| YOUR INSTRUCTIONS |
In the listing below, find the line containing "Как и там, это" and the line containing "매끈하고 은은한 광택, 시원한". Repeat exactly those two lines and every line between them.

| DATASET ENTRIES |
++++++
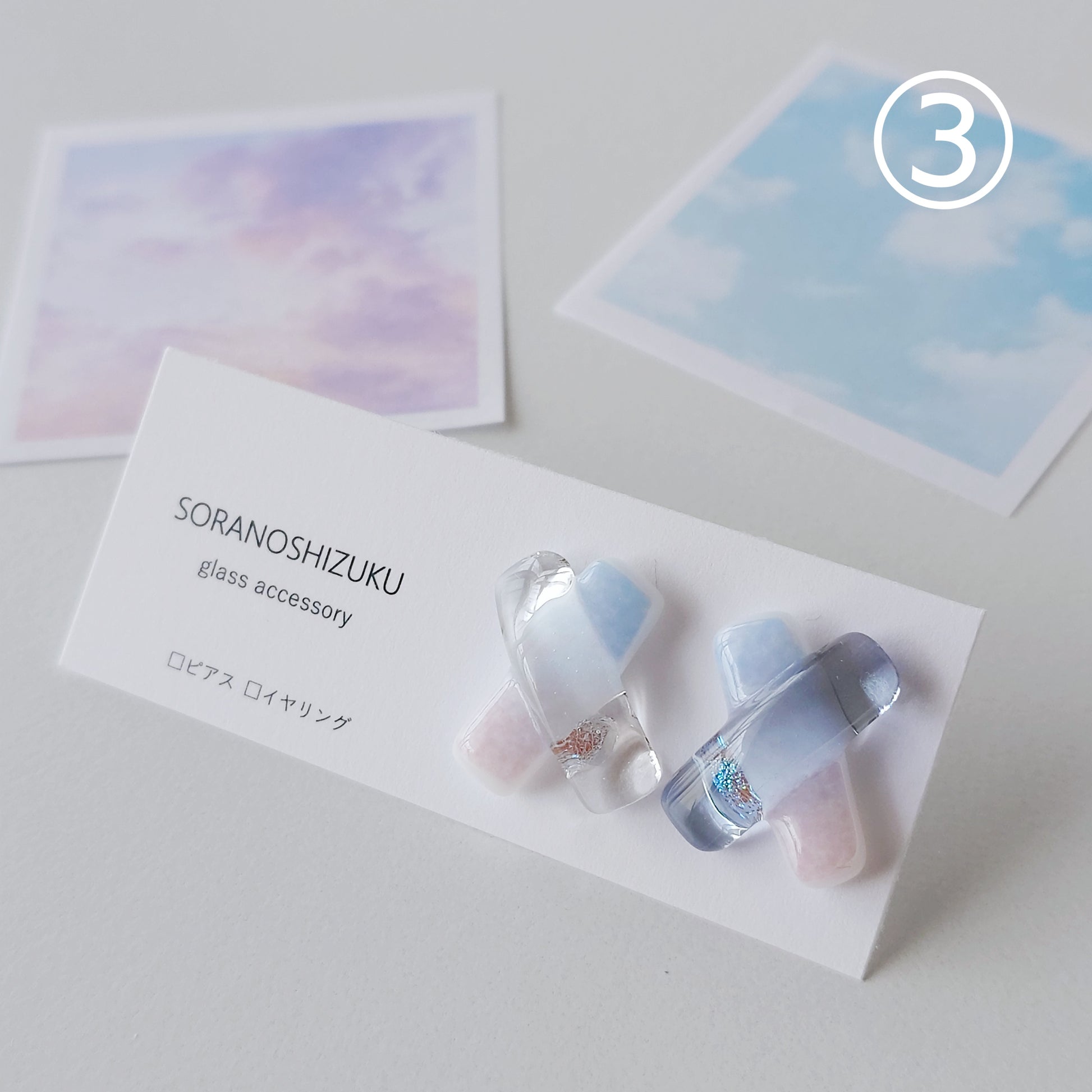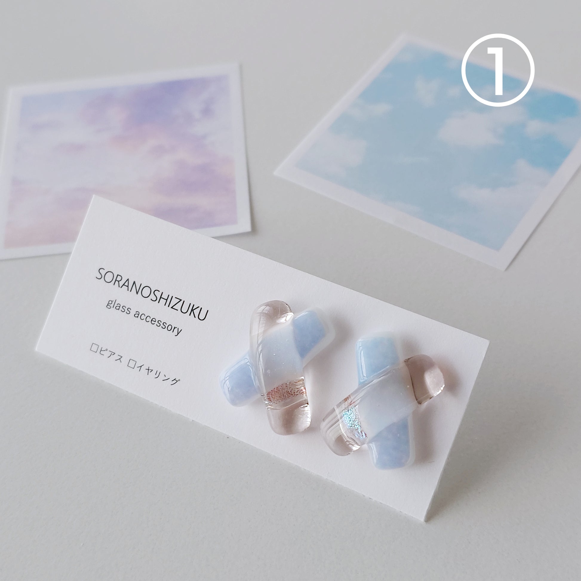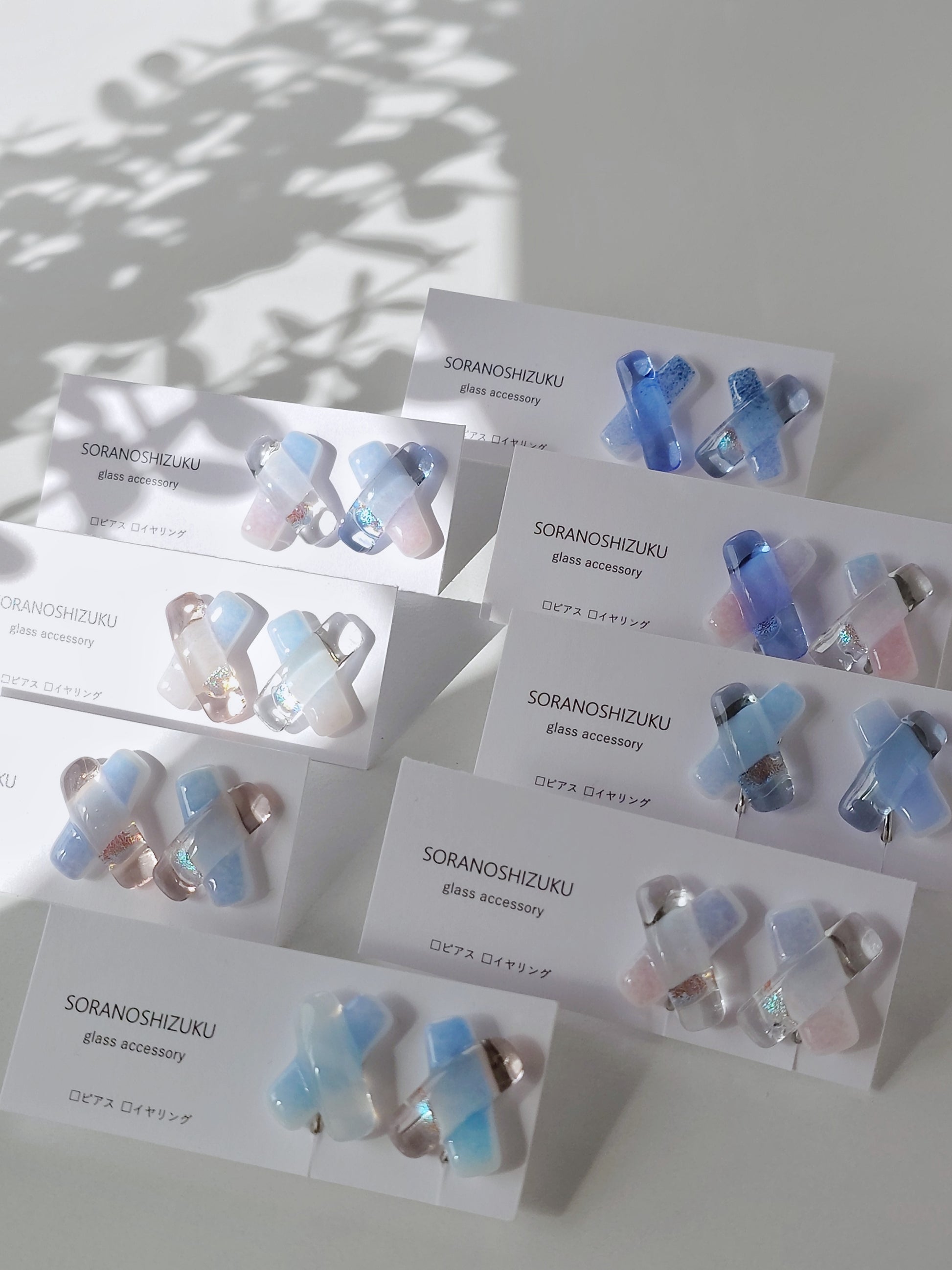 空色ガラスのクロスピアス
++++++
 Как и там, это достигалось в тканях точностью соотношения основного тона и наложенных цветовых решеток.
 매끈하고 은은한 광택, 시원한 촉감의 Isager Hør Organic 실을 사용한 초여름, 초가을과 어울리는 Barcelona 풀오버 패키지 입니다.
++++++
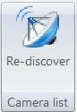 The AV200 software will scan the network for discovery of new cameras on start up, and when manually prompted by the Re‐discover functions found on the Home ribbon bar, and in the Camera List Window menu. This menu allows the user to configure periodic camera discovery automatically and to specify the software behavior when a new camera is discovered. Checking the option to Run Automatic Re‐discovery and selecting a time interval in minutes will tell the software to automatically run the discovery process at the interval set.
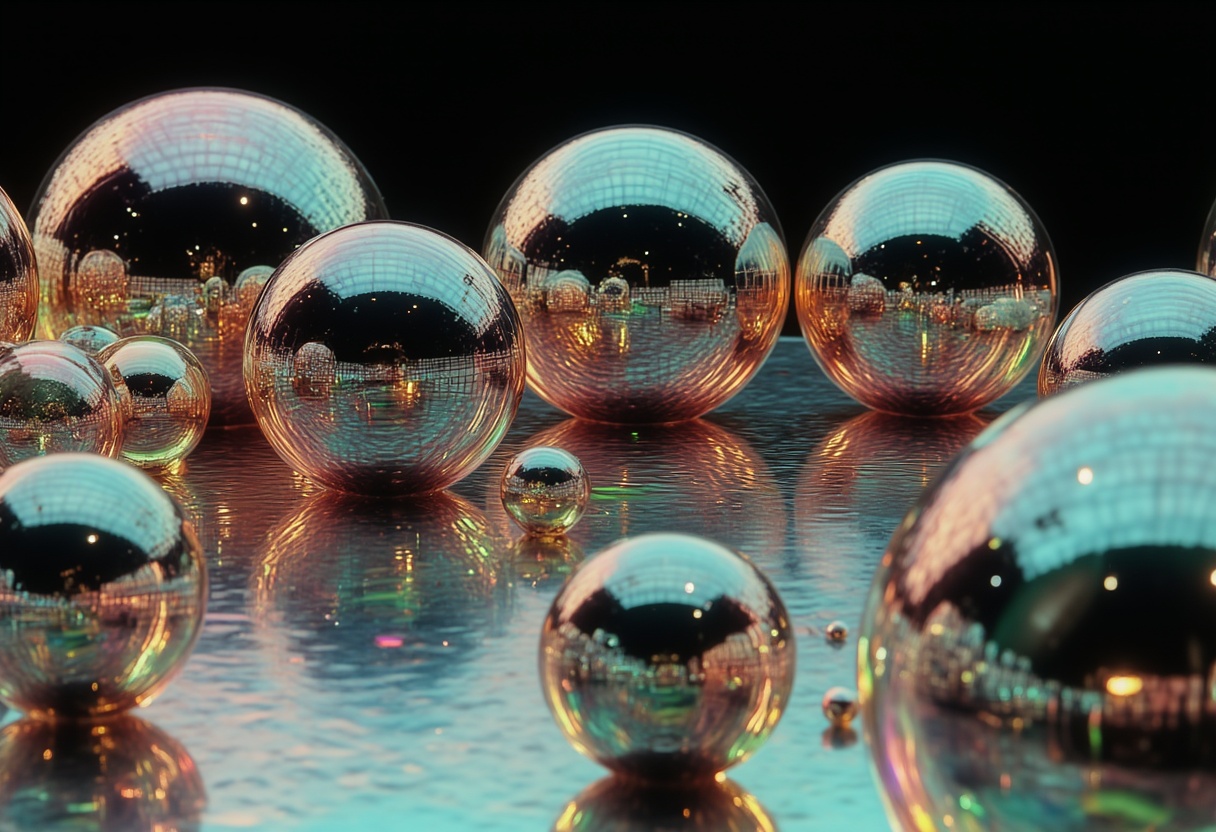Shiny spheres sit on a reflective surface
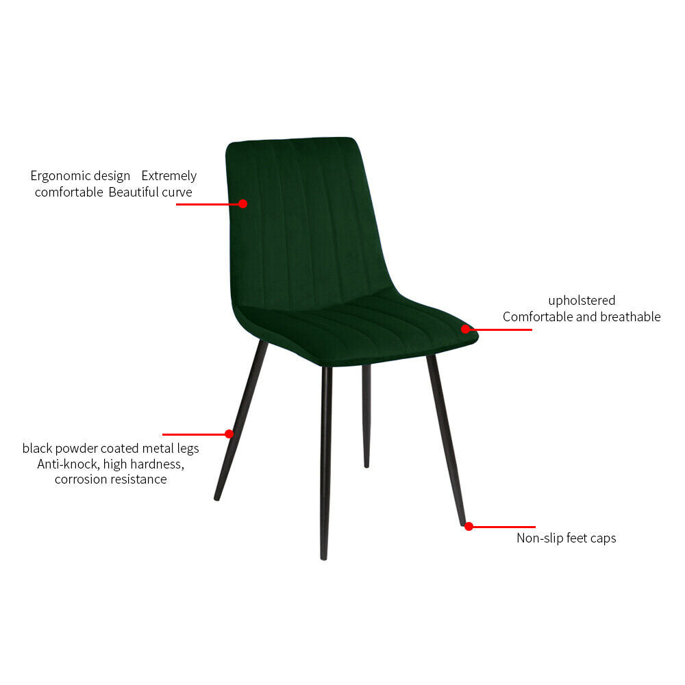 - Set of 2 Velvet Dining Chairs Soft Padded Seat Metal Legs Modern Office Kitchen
++++++
| RESULT OF THE EXERCISE |
 Как и там, это достигалось в тканях точностью соотношения основного тона и наложенных цветовых решеток.
 매끈하고 은은한 광택, 시원한 촉감의 Isager Hør Organic 실을 사용한 초여름, 초가을과 어울리는 Barcelona 풀오버 패키지 입니다.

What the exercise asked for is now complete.